JBL Tour Pro+ noise-cancelling headphones for $200

(31 customer reviews)
Product is rated as #426 in category Reviews

JBL Tour Pro+ noise-cancelling headphones for $200
JBL Tour Pro+ noise-cancelling headphones for $200


This review is about JBL Tour Pro+ noise-cancelling headphones for $200. So read this JBL Tour Pro+ noise-cancelling headphones for $200 with full details and specs.

The JBL Tour Pro+ noise-cancelling headphones for $200

One drawback to Google’s second-generation Pixel Buds, as well as its mid-range replacement, the Pixel Buds A, is the lack of noise cancellation. It was disappointing to see the Pixel Buds lacking in noise cancellation in the face of rugged competitors like the AirPods Pro and the Galaxy Buds Pro. Instead, the most distinctive feature of the Pixel Buds series is their ability to respond to the hotword “Hey Google”, which has yet to be reproduced on third-party earphones. Until now, yes.
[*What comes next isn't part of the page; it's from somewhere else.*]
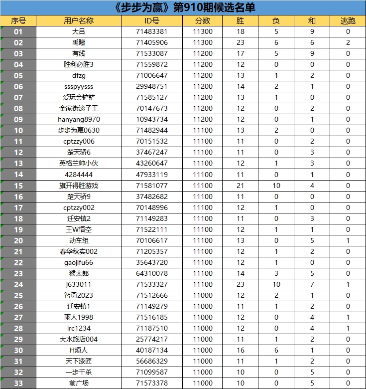 本期33名选手全部晋级。请晋级玩家在2025年10月31日—11月6日,周一至周五10:00-18:00,拨打131-4784-0911确认资格,登记个人信息以便电视台通知面试,逾期未进行确认者将被视为自动放弃晋级或替补资格。(参赛选手的年龄上限调整为75周岁(以身份证出生日期为准)。很抱歉,超过此年龄的选手将暂时无法参与节目报名)。

JBL’s latest true wireless earbuds, the JBL Tour Pro+, are the first third-party earbuds with full Google Assistant integration, including audible notifications and “Hey Google” support. For true wireless earbuds, “comfort” falls into two totally unrelated categories: comfort in the ears and comfort in the pocket. Each is a struggle between packing the biggest battery possible while not being unreasonably bulky.

Where I’m normally used to putting the earbud charging case in the otherwise useless coin pocket of my pants, the JBL Tour Pro+ case is way too thick for that. Even in my full pocket, it’s a little on the bulky side for everyday wear, but if you keep your tech in a bag, it’s a moot point.
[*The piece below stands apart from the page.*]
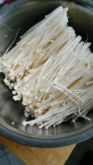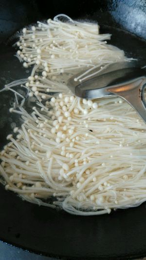 先把金针菇去根,焯水,煮透之后捞出备用(注:我喜欢捞到矿泉水中迅速给金针菇降温)
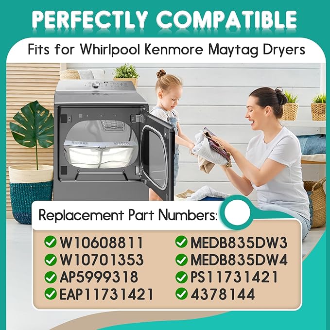 - Perfectly Compatible: W10859086 dryer lint filter replaces part numbers W10608811, fitting various models of Whirlpool, Kenmore, Maytag dryers

In exchange for that mass, you get three full charges on top of the earbuds’ eight hours of playtime, meaning you can get a whopping 32 hours of playtime on a full charge. I’ve essentially never had the earbuds themselves or the battery case completely drained during my use – random charging the few times I remember doing this – which is certainly a solid trade-off. One thing to note about charging though is that I find that I can’t just “drop” every button in the case. There is a slight magnetic pull that pulls them in place, but it usually isn’t enough to twist them in the right direction to align the pins up to charge. Instead, I usually turn each knob while watching for the charge light to come on.

As for the buttons themselves, I thought they were a bit too big at first, coming from the Pixel Buds. However, with a few days of adjustment, I find the JBL Tour Pro+ comfortably snug, more out of place on the outside of my ear than in the ear canal. That said, they still like to loosen up with jaw movements from eating food or chewing gum. The design has surprisingly allowed me to wear the earbuds longer than I normally would, while still maintaining a solid seal for sound purposes (more on this later). Of course, everyone’s ears are shaped differently, so you may have a different experience or preference. To that end, however, JBL has multiple sizes of both the inner ear tips and the outer ear fins to optimize your fit.

In all categories, these earbuds sound much, much better than Google’s Pixel Buds, thanks to JBL’s decades of experience in audio engineering. And that’s before you count the noise cancellation. With active noise canceling enabled, you get a lot more isolation than normal true wireless earbuds offer. That said, JBL’s noise cancellation isn’t as effective as Bose’s or Sony’s. The main sources of unwanted noise, such as a car engine, neighbor’s subwoofer or your home air conditioners are all filtered out completely with ease. However, higher-pitched sounds such as the ringing of a dog collar, the bubbling of a fountain, and the sounds of nearby voices still manage to leak through. While far from perfect, it’s better than no active cancellation at all.

There are a few toggles in the app that let you turn off noise cancellation, make outside noise more audible for safety, or even have a conversation with the earbuds in. But unless you assign these to a gesture — more on that in a minute — it would be much easier to just take your earbuds out rather than fiddle with the app. They are nice enough in theory, but not very useful in my experience. Next, let’s take a look at the built-in controls of the JBL Tour Pro+, including the main way to access the Google Assistant. JBL has a very simple control scheme that consists of one tap, double tap, triple tap and tap and hold gestures.

Notably, there are four different sets of gesture actions, and you can assign only one set to each earbud, with no room for deeper customization. “Playback control” allows you to play/pause and skip tracks. “Ambient Sound Control” allows you to switch both noise reduction and “TalkThru” feature that is designed for quick conversations. With “Volume Control”, as you would expect, you can increase the volume up and down. Finally, there is “Voice Assistant” which allows you to access Alexa or the Google Assistant. Although the JBL Tour Pro+ offers “Hey Google” support, you have to set the gestures of one side on Voice Assistant to access the Google Assistant, either by touch or by voice. That means sacrificing access to one of the other gesture sets, making the earbuds a little harder to manage.